He’s in a band. Well, you know, like a garage sort of thing on the weekends, but I think he’s the drummer.
I should tell you next time we have them over.
You’d like them.” Paige doesn’t have to give Cora a look that says meeting new people and attending dinner parties are the furthest thing from her mind.
Cora just tacks on, “I mean, at some point. We don’t see them too often, anyway. ”
“Right.” Paige smiles, wondering if Charlotte is the Drinks with C woman Cora told her about.
“I guess nothing yet or you would have told me,” Cora says, fidgeting nervously with her straw and dunking her vodka-soaked gummy bears into the blue depths of her drink.
“Not yet, sorry,” Paige says, avoiding her eye, feeling a muscle in her cheek twitch. Cora nods and gives her a tight smile.
“I figured last weekend when you didn’t come to the restaurant for the event that night, maybe you... I don’t know.”

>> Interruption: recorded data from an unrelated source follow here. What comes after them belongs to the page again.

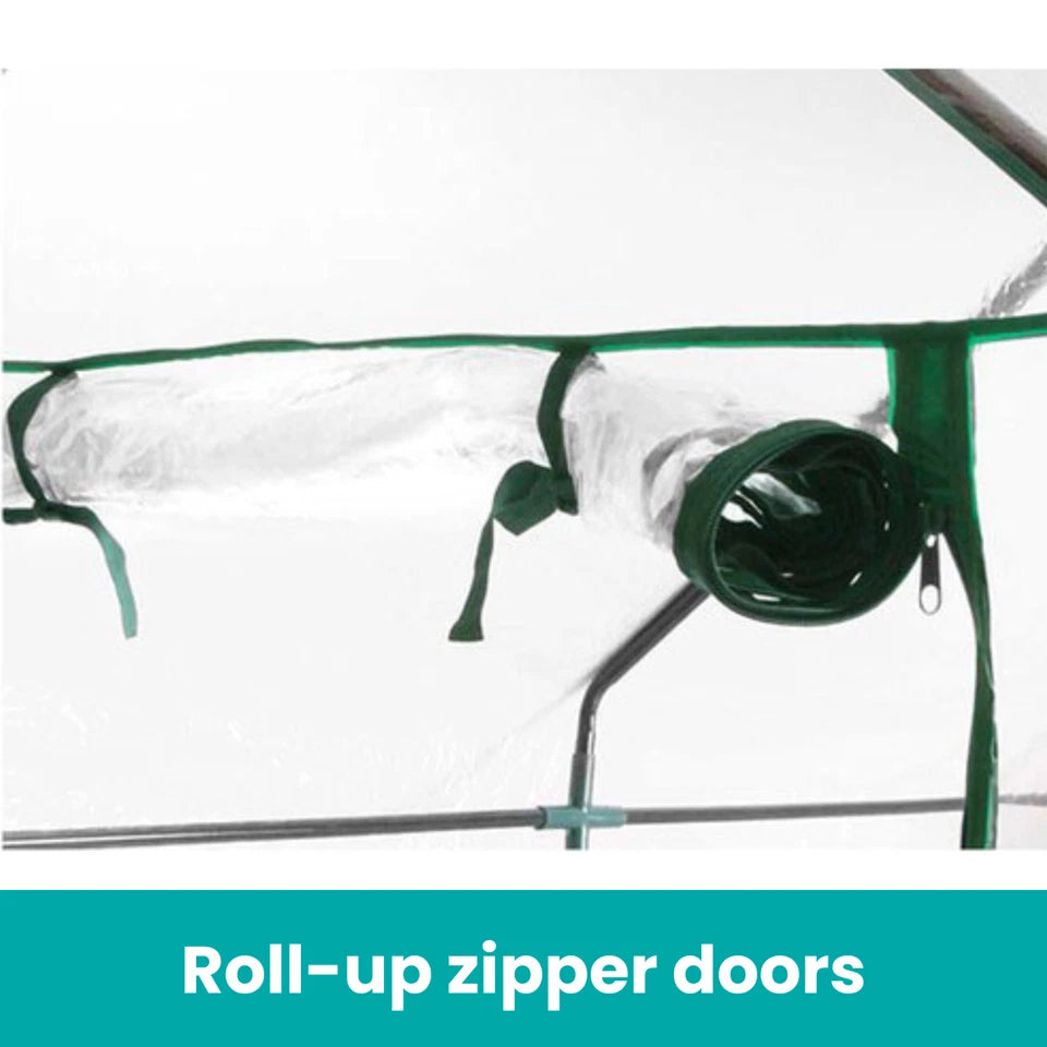 Featuring a full-length zippered door, this mini greenhouse allows easy access to all shelves for watering, trimming, or rotating your plants. The roll-up function promotes airflow, helping to prevent mold, mildew, and overheating — essential for healthy plant growth.
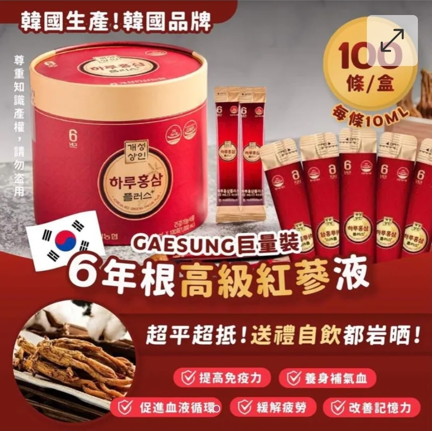 $178罐. 2罐或以上:$168罐. 韓國巨量裝6年根高級紅蔘液100條 ⛔截單日期:2025/12/16 06:00PM 📦預計貨到日: 2月尾 ⭐升級巨量裝👍 🥇100年老牌6年根紅蔘濃縮液,韓國生產.韓國品牌 🉐1罐100條,每條10ml,3個月份量 🉐每日一條,方便攜帶,乾淨衛生 ✅使用6年根紅蔘液 ✅提高免疫力 ✅改善疲勞 ✅改善記憶力 ✅通過抑制血小板凝集來促進血液流動 ✅有助補氣血、緩解疲勞 -規格:1罐100條,每條10ml -產地:韓國 ==⚠️ 聲明 ⚠️== 1.本貨品為平行進口正貨。 2.所有帖文內容只作分享及參考用途。為免混淆視聽,所有商標或版權均屬有關商品品牌商標的持有人,敬請留意。 3.空運/海運有可能因各種不明因素影響而延誤到貨,所有貨品一經訂購後,如非廠家缺貨,不設取消/退貨/換貨。 4.貨品在運輸途中導致產品包裝外盒有任何損毀凹陷,但不影響其產品本身食用/使用,或有機會不預設外盒出貨,我司不會作任何更換或退款。 5.以上資料及外盒包裝只供參考,商品外盒原廠有更換新包裝權利,一切以實物為準。 6.顏色或因拍攝器材或顯示螢幕等因素而與實物有異,以上圖片及文字僅供參考,一切以實物為準。
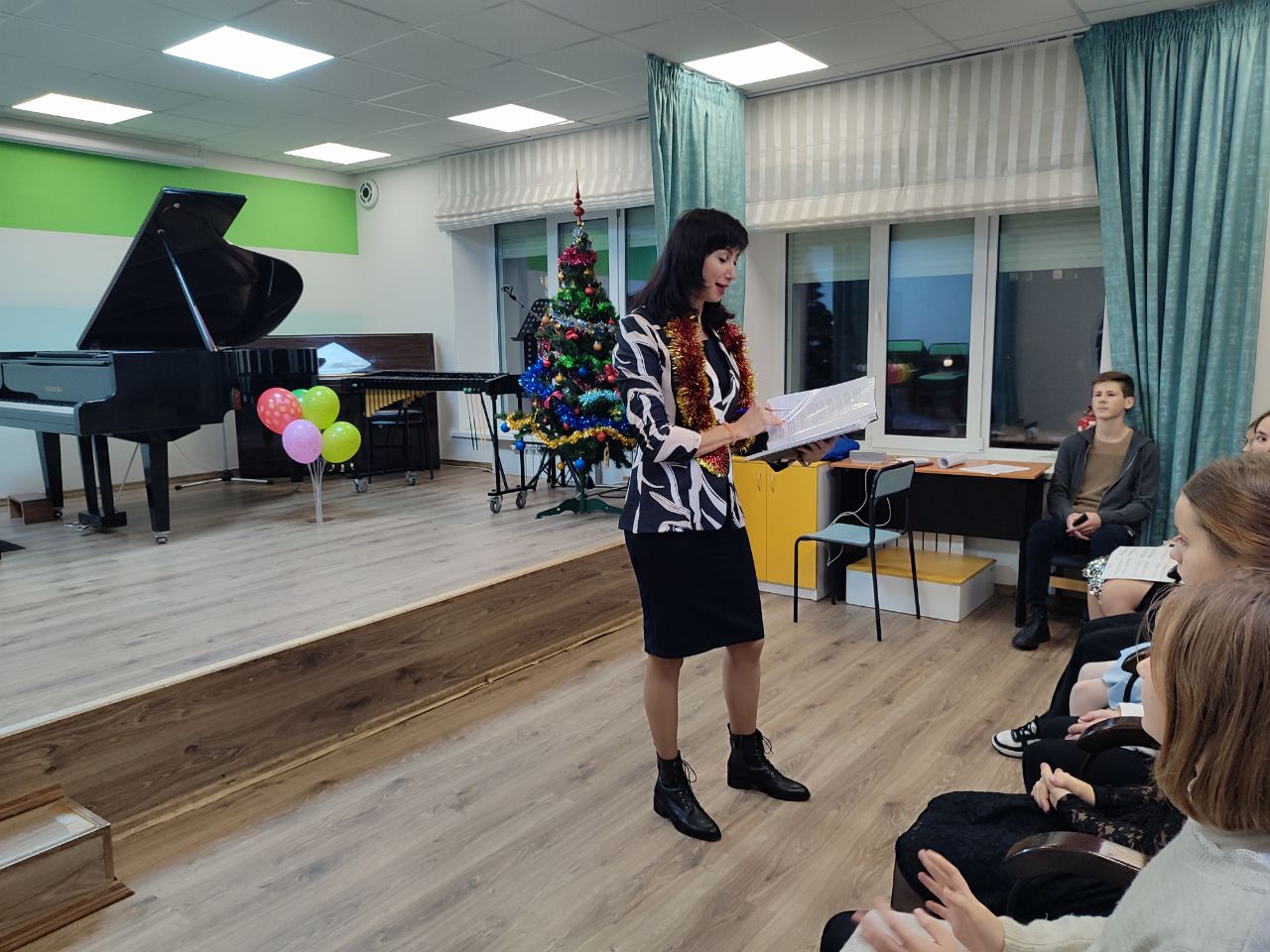 На фортепіанному відділі (завідувачка відділом Наталія Триліська) влаштували концерт-виставу «Новорічна феєрія». Вела та підготувала це неймовірне дійство викладачка відділу Тетяна Калашникова. В ньому звучали всім відомі новорічні хіти, такі як «Щедрик», «Свята ніч». Виконувалися українські народні пісні («Ой на горі сніг біленький») та пісні українських авторів (В. Івасюк — «Я піду в далекі гори»). Звучали тут і поліфонічні твори, п'єси композиторів-класиків та п'єси сучасних авторів. Словом, це був сплеск різноманітних емоцій, які подарували нам маленькі виконавці:

“Yeah, I followed him a bit here and there and haven’t seen anything, you know, red-flaggy yet. I’m trying to be careful so he doesn’t catch on, of course. But I’ll keep trying,” Paige says. She notices Cora looking longingly over at Finn. “If you want me to,” she adds.
“Yeah. No, I mean, I think so. But that’s good, right?
He is where he says he is, so that’s a good sign.
Maybe I am being psycho doing this. That’s what he would call it if he ever found out.
I mean, we’d be over. Shit. What if you come on to him and he.
..says no. I hadn’t even thought about how forever awkward that would be between all of us.
Then, what if he suspects I put you up to it?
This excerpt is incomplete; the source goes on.